Spie al Pentagono. L'inchiesta sulla spia si concentra sui legami tra
i neoconservatori e Israele

Jim Lobe

Lo scandalo del funzionario del Pentagono accusato di aver passato
documenti altamente riservati a un gruppo di pressione sionista
sembra far parte di un'indagine più ampia dell'FBI e del Pentagono,
iniziata trent'anni fa, sulla stretta collaborazione tra esponenti di
spicco del movimento neoconservatore e Israele. Secondo fonti
informate, che hanno chiesto di rimanere anonime, l'FBI sta passando
in rassegna una serie di indagini di controspionaggio, che hanno
riguardato diversi neoconservatori di alto profilo ma che non hanno
mai portato a condanne formali, causando in molti casi la
frustrazione degli addetti al controspionaggio. Alcune di queste
indagini riguardano attuali funzionari d'alto rango
dell'amministrazione, incluso il vice segretario della Difesa Paul
Wolfowitz; il sottosegretario della Difesa per gli affari politici,
Douglas Feith, il cui ufficio sembra essere al centro delle indagini
appena trapelate; e Richard Perle, che si è dimesso lo scorso anno da
Presidente del Defense Policy Board. Tutti e tre sono protagonisti di
un lungo articolo del giornalista investigativo Stephen Green,
pubblicato su "Counterpunch" a Febbraio. Green è l'autore di due
libri sulle relazioni Usa-Israele, tra cui Taking Sides: America's
Secret Relations with a Militant Israel, che si basa su interviste
con ex funzionari del Pentagono e addetti al controspionaggio.
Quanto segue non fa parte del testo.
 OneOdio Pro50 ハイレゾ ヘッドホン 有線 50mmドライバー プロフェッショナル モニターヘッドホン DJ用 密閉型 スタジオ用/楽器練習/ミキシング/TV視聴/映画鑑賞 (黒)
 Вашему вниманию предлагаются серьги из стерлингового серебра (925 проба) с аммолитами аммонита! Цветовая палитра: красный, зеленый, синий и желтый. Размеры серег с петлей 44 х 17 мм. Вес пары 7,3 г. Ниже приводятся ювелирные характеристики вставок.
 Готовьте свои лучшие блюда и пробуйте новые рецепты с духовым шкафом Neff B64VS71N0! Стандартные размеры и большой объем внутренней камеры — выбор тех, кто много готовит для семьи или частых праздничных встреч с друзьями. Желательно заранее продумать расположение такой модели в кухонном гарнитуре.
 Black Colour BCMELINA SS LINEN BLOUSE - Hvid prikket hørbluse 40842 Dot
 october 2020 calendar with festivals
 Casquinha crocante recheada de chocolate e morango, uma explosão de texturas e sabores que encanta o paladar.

Contemporaneamente, un altro ufficio del Pentagono coinvolto nel
trasferimento di tecnologie militari e dual-use [che possono essere
cioè impiegate a scopi sia militari sia civili, NdT] sta esaminando
l'acquisizione, la modifica e la vendita da parte di Israele di
importanti apparecchiature militari ottenute dagli Stati Uniti, in
alcuni casi con l'aiuto di prominenti neoconservatori che ai tempi
servivano nell'amministrazione. Israele - che negli ultimi vent'anni
è diventato uno dei maggiori esportatori della più sofisticata
tecnologia militare e informatica al mondo - direttamente o per mezzo
di intermediari, ha venduto alcune di quelle apparecchiature alla
Russia, alla Cina e ad altri potenziali rivali degli Stati Uniti. Una
parte di queste apparecchiature è finita anche sul mercato nero,
dove, sempre secondo queste fonti, gruppi terroristici - incluso
forse al-Qaeda - si sono procurati delle copie pirata.
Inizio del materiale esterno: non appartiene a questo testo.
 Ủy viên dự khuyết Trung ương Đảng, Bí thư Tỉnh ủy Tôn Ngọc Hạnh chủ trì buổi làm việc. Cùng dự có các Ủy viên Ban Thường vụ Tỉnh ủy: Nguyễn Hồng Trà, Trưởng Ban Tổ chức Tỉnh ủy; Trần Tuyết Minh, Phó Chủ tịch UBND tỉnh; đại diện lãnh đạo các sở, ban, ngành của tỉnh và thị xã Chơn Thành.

Particolarmente interessante, in quel contento, sono i derivati di un
potente software di case management(*) chiamato PROMIS, prodotto nei
primi anni '80 da INSLAW, Inc. e acquisito dal Mossad, i servizi
segreti israeliani, che hai poi venduto le proprie versioni ad altre
agenzie di intelligence in Medio oriente, Asia ed Europa orientale.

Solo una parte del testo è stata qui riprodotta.